My guilty pleasure is false nails. Yup, I love ‘em. I love the elegance, the colours, and I love an hour to myself once a month to play ladies.
I was in my favourite nail spa recently, watching the awesome old 80’s videos on a continual MTV loop, listening to Richard Marx pining his unrequited love, late at night alone in a hotel, in a colour-less, black and white montage, faithfully promising that he will be right here waiting for her.
I wonder now if Richard Marx is still right there waiting for her or did he move on and get a life? Is Cher still wanting to turn back time or has she realised that she should live in the present moment? Does Foreigner even know what love is yet?
And right there in the nail salon, it dawned on me.
Power Ballads are for Codependents.
I spent my teens watching Richard Marx, and crazily obsessing over some poor unwitting object of my codependent obsession.

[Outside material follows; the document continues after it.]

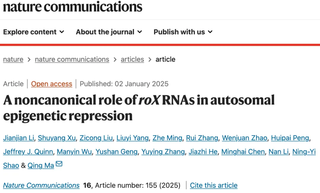 2025年1月2日,中國科學院深圳先進技術研究院合成生物學研究所的馬晴研究員團隊在《Nature Communications》雜志在線發表了題為“A noncanonical role of roX?RNAs in autosomal epigenetic repression”的最新研究成果,揭示了果蠅長非編碼RNA roX在常染色體上的非經典表觀抑制功能。這項研究不僅打破了傳統認知,還加深了我們對RNA在基因表達調控中復雜作用的理解,同時為合成生物學中非編碼RNA工具的開發提供了重要線索。

I went into my 20's with Bridget Jones, watching movie re-runs in my pyjamas, singing by myself into my wine glass. Fortified by a good drop of red, I believed that I could wish and hope and pray Colin Firth into my very own living room.
Of course by my thirties, I was getting more up close and personal with the likes of Dr Phil and Oprah. I was realising I was possibly, slightly, maybe more than a little broken.
I’ve grown up now though. I’ve read more than a few spiritual and self-help books, so I think I'd like to spent my 40's working on a mature, mutually respectful, communicative and honest relationship.
Disney. You and me. We need to talk.